Leftover Keema sabji and egg yolk cutlet
Leftover Keema sabji and egg yolk cutlet

Hey everyone, it’s Jim, welcome to my recipe page. Today, we’re going to make a distinctive dish, leftover keema sabji and egg yolk cutlet. It is one of my favorites food recipes. This time, I am going to make it a bit unique. This is gonna smell and look delicious.

It's of leftover hard boiled egg yolk. You need of medium sized boiled and mashed potato. Add Keema sabzi with mashed egg yolk and potato.

Leftover Keema sabji and egg yolk cutlet is one of the most well liked of current trending meals in the world. It’s easy, it is fast, it tastes yummy. It is enjoyed by millions every day. They’re fine and they look fantastic. Leftover Keema sabji and egg yolk cutlet is something which I’ve loved my whole life.

To begin with this particular recipe, we must first prepare a few components. You can cook leftover keema sabji and egg yolk cutlet using 7 ingredients and 3 steps. Here is how you can achieve that.

The ingredients needed to make Leftover Keema sabji and egg yolk cutlet:
  1. Get 1 cup leftover Keema sabji
  2. Make ready 5-6 leftover hard boiled egg yolk
  3. Prepare 1 medium sized boiled and mashed potato
  4. Make ready 1 medium sized finely chopped onion
  5. Get 4-5 tablespoons besan
  6. Make ready As per taste Salt
  7. Get As required Oil for frying

In the past, I've left the yolks sitting in my fridge as long as I could, before sheepishly tossing them all in the trash. In the Stuff I've Googled series, we find ways to use up all those pesky leftover ingredients that tend to sit in our fridge until that dreadful moment when we uncover their moldy remains from behind the yogurt and strawberry jam containers. Here's what we've covered so far Egg Curry Recipe In Hindi Storing egg yolks is as easy as tossing them in the trash.

Instructions to make Leftover Keema sabji and egg yolk cutlet:
  1. Add Keema sabzi with mashed egg yolk and potato. Add chopped onion, besan and salt. Mix well.
  2. Make small cutlets from the dough. Heat oil and shallow fry the cutlets till they are brown on both side. Remove them on kitchen towel.
  3. Serve hot cutlets with your choice of chutney or sauce.

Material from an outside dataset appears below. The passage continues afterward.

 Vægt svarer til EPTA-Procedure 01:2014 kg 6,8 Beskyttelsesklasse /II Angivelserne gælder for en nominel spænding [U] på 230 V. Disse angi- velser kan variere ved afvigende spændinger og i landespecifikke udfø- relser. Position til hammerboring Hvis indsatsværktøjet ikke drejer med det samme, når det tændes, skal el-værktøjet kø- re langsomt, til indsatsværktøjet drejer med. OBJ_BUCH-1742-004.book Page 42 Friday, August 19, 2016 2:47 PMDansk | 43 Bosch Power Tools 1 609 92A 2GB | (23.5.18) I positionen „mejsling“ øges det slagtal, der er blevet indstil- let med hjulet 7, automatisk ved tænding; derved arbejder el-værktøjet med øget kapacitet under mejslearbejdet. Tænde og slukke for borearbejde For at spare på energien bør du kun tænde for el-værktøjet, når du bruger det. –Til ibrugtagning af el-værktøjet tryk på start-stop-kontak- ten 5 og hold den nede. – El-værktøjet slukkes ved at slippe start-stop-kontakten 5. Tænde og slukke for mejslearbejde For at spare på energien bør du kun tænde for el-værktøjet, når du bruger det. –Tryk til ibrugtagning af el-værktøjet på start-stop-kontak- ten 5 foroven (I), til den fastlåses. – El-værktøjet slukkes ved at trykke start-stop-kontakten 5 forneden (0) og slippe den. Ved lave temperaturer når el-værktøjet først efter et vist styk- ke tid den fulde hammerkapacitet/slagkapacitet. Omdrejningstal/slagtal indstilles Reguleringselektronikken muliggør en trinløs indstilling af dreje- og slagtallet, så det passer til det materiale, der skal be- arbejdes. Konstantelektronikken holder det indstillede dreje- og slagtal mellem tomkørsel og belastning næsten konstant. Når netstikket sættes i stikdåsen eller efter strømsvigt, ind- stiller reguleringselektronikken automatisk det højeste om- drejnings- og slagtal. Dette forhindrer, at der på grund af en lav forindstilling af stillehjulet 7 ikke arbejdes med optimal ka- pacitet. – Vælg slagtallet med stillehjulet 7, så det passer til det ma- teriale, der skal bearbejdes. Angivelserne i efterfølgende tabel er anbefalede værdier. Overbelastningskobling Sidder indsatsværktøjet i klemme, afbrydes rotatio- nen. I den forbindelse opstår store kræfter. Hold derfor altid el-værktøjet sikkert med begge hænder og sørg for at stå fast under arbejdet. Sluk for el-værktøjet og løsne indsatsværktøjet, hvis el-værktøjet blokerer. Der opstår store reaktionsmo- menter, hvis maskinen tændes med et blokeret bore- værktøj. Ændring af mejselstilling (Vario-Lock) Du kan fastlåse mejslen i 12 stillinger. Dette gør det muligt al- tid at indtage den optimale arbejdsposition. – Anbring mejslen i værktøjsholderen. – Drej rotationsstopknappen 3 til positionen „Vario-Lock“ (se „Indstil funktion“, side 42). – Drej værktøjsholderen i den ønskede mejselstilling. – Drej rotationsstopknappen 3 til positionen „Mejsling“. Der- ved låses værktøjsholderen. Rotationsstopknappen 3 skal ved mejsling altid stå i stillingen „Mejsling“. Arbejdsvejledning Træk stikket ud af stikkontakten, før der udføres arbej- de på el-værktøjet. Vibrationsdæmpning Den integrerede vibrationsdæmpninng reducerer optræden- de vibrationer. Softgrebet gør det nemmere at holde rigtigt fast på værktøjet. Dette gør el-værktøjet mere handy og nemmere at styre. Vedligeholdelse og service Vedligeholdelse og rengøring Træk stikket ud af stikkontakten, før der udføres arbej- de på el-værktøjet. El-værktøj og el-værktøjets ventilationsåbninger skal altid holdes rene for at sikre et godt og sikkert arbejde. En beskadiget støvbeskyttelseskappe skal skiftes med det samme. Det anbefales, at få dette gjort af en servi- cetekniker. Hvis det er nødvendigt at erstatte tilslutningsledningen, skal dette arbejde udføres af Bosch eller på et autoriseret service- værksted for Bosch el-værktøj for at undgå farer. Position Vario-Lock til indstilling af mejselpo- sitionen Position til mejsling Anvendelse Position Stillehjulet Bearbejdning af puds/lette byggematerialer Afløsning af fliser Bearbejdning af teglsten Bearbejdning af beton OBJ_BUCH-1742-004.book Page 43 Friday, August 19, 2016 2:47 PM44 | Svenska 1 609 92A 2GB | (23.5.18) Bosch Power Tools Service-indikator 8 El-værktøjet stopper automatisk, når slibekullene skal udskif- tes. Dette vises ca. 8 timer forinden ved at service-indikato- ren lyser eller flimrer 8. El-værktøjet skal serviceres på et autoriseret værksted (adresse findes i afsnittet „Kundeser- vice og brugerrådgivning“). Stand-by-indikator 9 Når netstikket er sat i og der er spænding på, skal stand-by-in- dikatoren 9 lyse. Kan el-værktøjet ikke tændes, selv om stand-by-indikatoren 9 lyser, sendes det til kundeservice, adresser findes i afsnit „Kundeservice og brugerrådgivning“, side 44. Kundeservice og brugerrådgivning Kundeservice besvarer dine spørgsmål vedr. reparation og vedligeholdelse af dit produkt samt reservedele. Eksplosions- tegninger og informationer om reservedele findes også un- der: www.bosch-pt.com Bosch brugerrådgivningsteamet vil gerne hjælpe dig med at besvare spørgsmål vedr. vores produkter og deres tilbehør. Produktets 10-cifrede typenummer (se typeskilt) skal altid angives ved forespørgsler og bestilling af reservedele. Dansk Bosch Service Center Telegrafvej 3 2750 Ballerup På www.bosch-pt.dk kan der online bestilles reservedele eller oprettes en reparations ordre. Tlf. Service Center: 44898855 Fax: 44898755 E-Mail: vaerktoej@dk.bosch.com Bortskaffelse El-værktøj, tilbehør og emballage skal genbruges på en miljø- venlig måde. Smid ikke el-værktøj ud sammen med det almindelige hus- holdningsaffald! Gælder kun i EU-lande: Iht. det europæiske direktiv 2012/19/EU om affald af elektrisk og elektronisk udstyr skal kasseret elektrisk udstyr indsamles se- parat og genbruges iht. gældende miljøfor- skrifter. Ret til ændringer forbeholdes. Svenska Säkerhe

If you plan to use the yolks within a couple of days, you can keep them in the fridge. Just place them in an airtight container with some cold water. The water prevents the yolks from coagulating and drying out. Egg yolks work wonders in mayonnaise, sweet buttercream or creme brulee - or just crack them into a classic carbonara. When a recipe calls for egg whites, don't discard the excess, sunshine-orange yolks: they are a magical ingredient that can transform a drab dish into something divine and.

So that is going to wrap this up for this exceptional food leftover keema sabji and egg yolk cutlet recipe. Thank you very much for reading. I’m sure that you can make this at home. There is gonna be interesting food at home recipes coming up. Don’t forget to bookmark this page on your browser, and share it to your family, friends and colleague. Thanks again for reading. Go on get cooking!